Assigned task:
Please repeat, exactly as written, every line from the one containing "von den Ḍuḥākīya" through the last line of the records, both included, and leave out any pictures.

#####

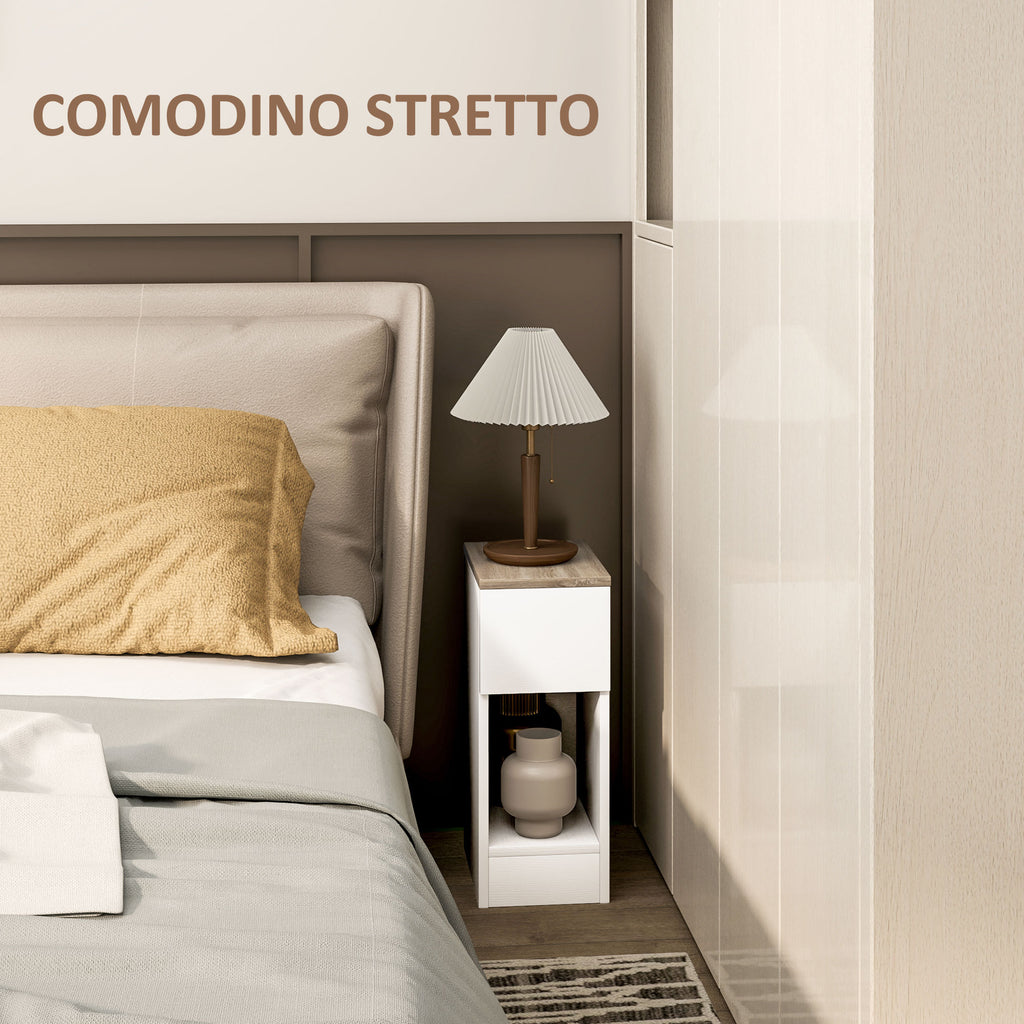 Set 2 Comodini Moderni con Cassetto e Ripiano in Legno 20x30x50 cm Bianco e Rovere
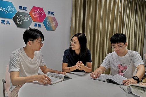 在机电学院,最热闹的就属“创新空间”了,无论是毕设论文指导、学业辅导,还是科技创新研讨,都会在这里进行。你看,工业工程系的秦华老师正在与大四学生就学业问题进行交流。
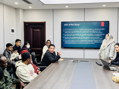2025年10月12日晚,张建华教授主持召开研究生(硕士&博士)2025-2026学年第一学期第二次学术交流会。会上,新入学的硕士生Umama首先进行了自我介绍;隶属于Batch 1的博士生Abbas、Tariq、Shanza、Notob、Azeez以及硕士生孙肖廷、敖雅丽做了学术汇报,博士生贾红雨、Philip没有按期汇报;张教授为博士生Terefe发了科研特别补助,而后做了有关学术研究规范与策略的演讲。会后,张教授继续解答了部分同学的研究问题。会前,孙若男同学有请假。
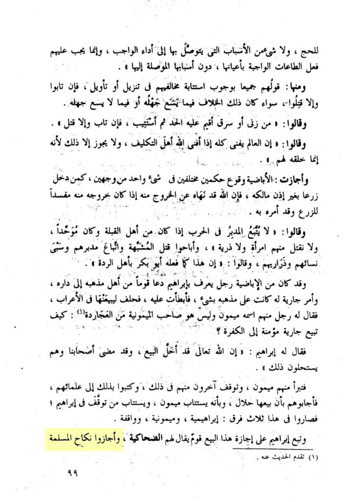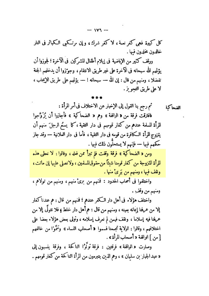 „Und von den Ḍuḥākīya ist eine Gruppe, sie zögern und haben sich nicht losgesagt von dem, der es tat und sie sagten: ‚Wir geben dieser, mit Kuffār unseres Volkes, verheirateten Frau nichts von den Rechten der Muslime, wir beten nicht über sie, wenn sie stirbt und wir zögern bezüglich ihr‘. Und (einige) von ihnen sagen sich von ihr los.“
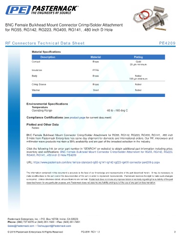 RF Connectors Technical Data Sheet PE4209
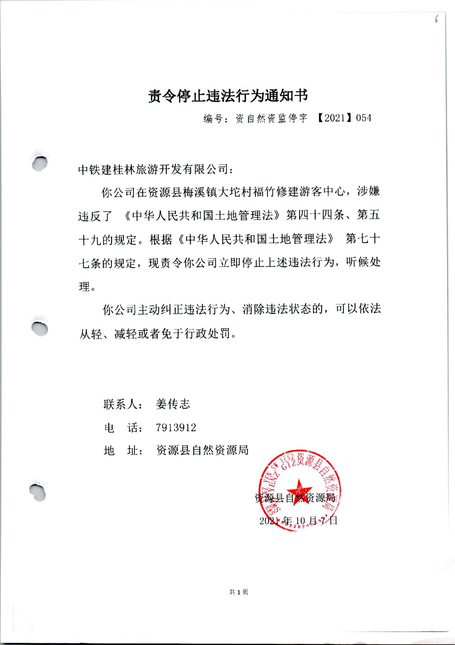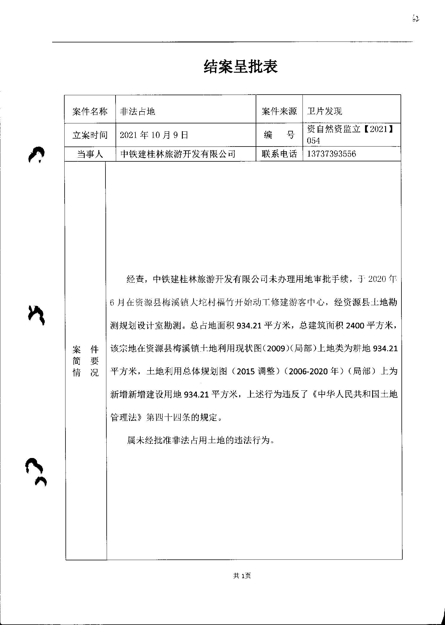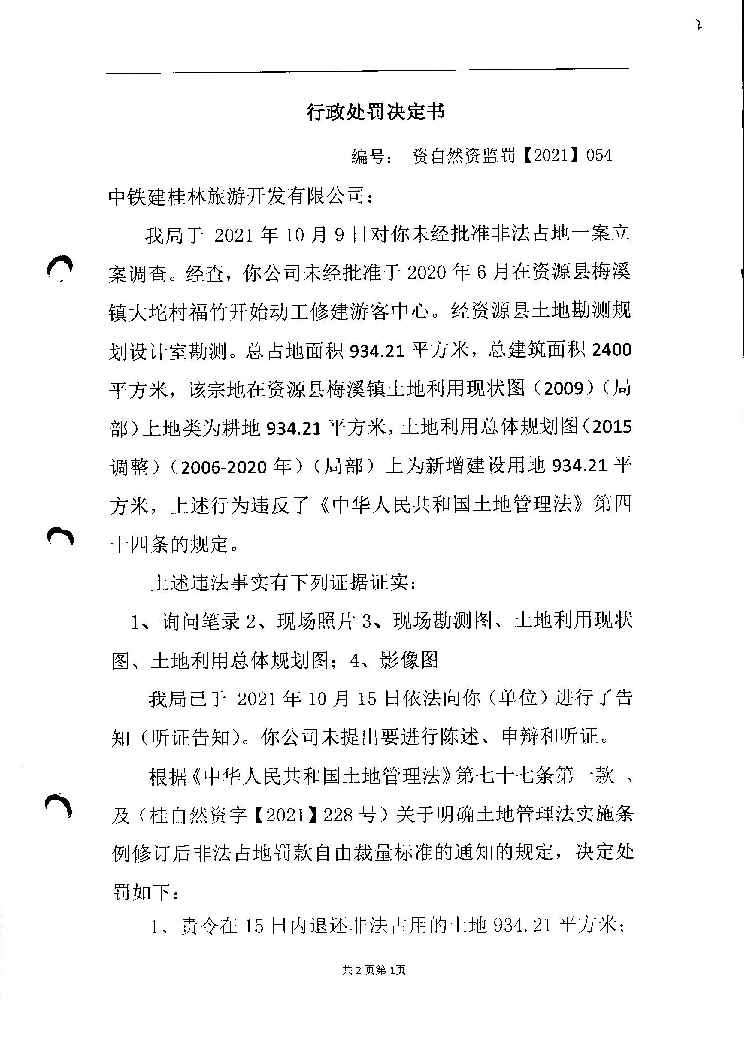 中铁建桂林旅游开发有限公司违法占地修建游客中心行政处罚书

#####

Exercise response:
 „Und von den Ḍuḥākīya ist eine Gruppe, sie zögern und haben sich nicht losgesagt von dem, der es tat und sie sagten: ‚Wir geben dieser, mit Kuffār unseres Volkes, verheirateten Frau nichts von den Rechten der Muslime, wir beten nicht über sie, wenn sie stirbt und wir zögern bezüglich ihr‘. Und (einige) von ihnen sagen sich von ihr los.“
 RF Connectors Technical Data Sheet PE4209
 中铁建桂林旅游开发有限公司违法占地修建游客中心行政处罚书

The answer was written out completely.